Lesson 1: CFD is visual + quantitative. It allows you to analytically compare different designs

The CFD plots on the right show the distribution of a 'virtual tracer' we injected in the inlets (green graphs) and local flow velocities (blue graphs). The simulation allowed us to study how the colour would distribute in the system. A completely mixed system has a rather homogeneous color (same tracer concentration everywhere). You probably notice the dark blue zone in the base case design (top left). After changing the inlet configuration, distribution was much more homogeneous. That change was implemented at the plant, with excellent outcomes. To quantitatively compare two designs, we use our in-house developed tool: 'Rehman-Nopens curves' (right). These two curves summarize the distribution of tracer in both designs. Those curves indicate the tracer concentration distribution in the reactor. You immediately notice that the optimal design has an almost vertical curve, while the orange (initial design) shows large heterogeneities.

Same story for the much larger circular tank. We optimised the design, and could see the Rehman-Nopens curves clearly shift towards optimal shapes. The green curve represents the original design (the top colorful figure shows this uneven tracer distribution). Optimisation drastically improved performance. An additional third scenario only provided marginal gains.

The pilot-scale system was rather optimal. We tried to change the outlet location to further minimise the risk on shortcircuiting, but it only detoriorated performance. The final three designs looked like this:

Lesson 2: CFD models are accurate, if run with craftmanship. Don't let your doubts stand in the way of using this powerful design tool

Yes, we performed model validation. It helped convincing all the parties involved, and as such it helped increasing the value of the outcomes. However, is this always needed? No. The model we used was validated so many times before. Hence, the barrier to use CFD is low in many cases, as validation is not always needed. PS: We had a whole separate discussion on validation in our keynote at IWA Watermatex.

We validated the Italian plant quantitatively with velocity measurements (all measurement locations are the yellow dots in the below figure). We checked local sludge accumulation qualitatively with blanket sampling.

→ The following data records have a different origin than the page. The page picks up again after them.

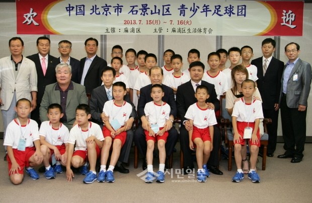 [시민일보]지난 15~16일 마포구는 자매도시인 중국 북경시 석경산구 청소년축구단을 초청, 지역내 청소년 축구단원들과 친선축구 경기를 가졌다. 사진은 석경산구 청소년 축구단과 인사를 나누는 박홍섭 구청장의 모습.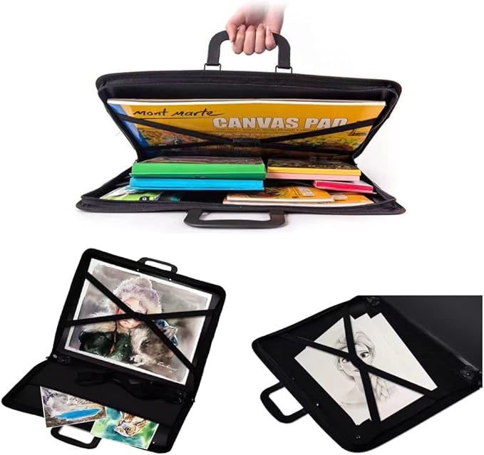 حقيبة SYOSI A3 Artist Portfolio Case هي حقيبة حمل متينة مصممة لتخزين ونقل الأعمال الفنية والرسومات ولوحات الرسم. تبلغ أبعادها 48×37 سم، وهي مثالية للطلاب والفنانين والمحترفين لتنظيم أدواتهم الفنية وحمايتها.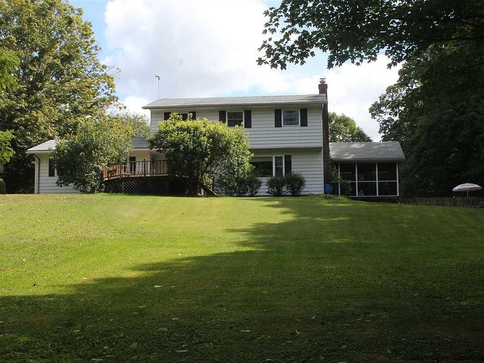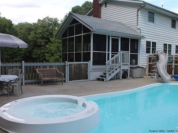 Lovely neighborhood in very desirable Blue Mountain. This 1.20 acres, 4 Bd/ 2.5 Bath Colonial Style home sets on a hill with seasonal mountain views, lush grass, a running stream and a private back yard. This home has spacious rooms with the new windows bringing in natural light and fresh air. The flow is wonderful for entertaining. The living room has a brick fireplace, a large kitchen with wood cabinets w/ corian counters, stainless appliances and the dining room with French doors to the screened in porch. Half bath on main level with the washer and dryer. The second story has 4 bedrooms and a full bath, with the primary bedroom having its own bathroom. The Screened in porch is fabulous, offering a private place to relax. The icing on the cake is the Fiberglass (no liner!), inground heated, 16x36, salt water pool with attached hot tub, the perfect "staycation". The family room is in the finished basement. Craft room, game room, and dry bar and still room for a workshop. This home will not disappoint!

All velocity measurements were shown to be transparent (the following graphs show velocity as function of tank depth). We have quite some full-scale plant validation experience, and we can say that the model was proven to be very accurate. The CFD model both predicted the magnitudes and trends of the velocity curves (blue curves are measured velocities; green curves are simulated velocities). 16 out of 19 points had excellent agreement. The 3 other points were all located right in front of intlets. It's always challenging to measure there.

Qualitative blanket measurements were in agreement with the local sludge accumulation predicted by the model.

On top of this, Dr. Bernhard Wett and his colleagues also did dye testing in his pilot. It gave some extra confidence in a qualitative way.

Conclusions

And this was our last slide. Main take home?

CFD is a mature and practical design tool that simply leads to better designs faster, and with less struggle. Many ongoing plant optimizations could have been avoided with proactive use of CFD. CFD modellers talking the 'technologist language' certainly helps and only speeds up the project.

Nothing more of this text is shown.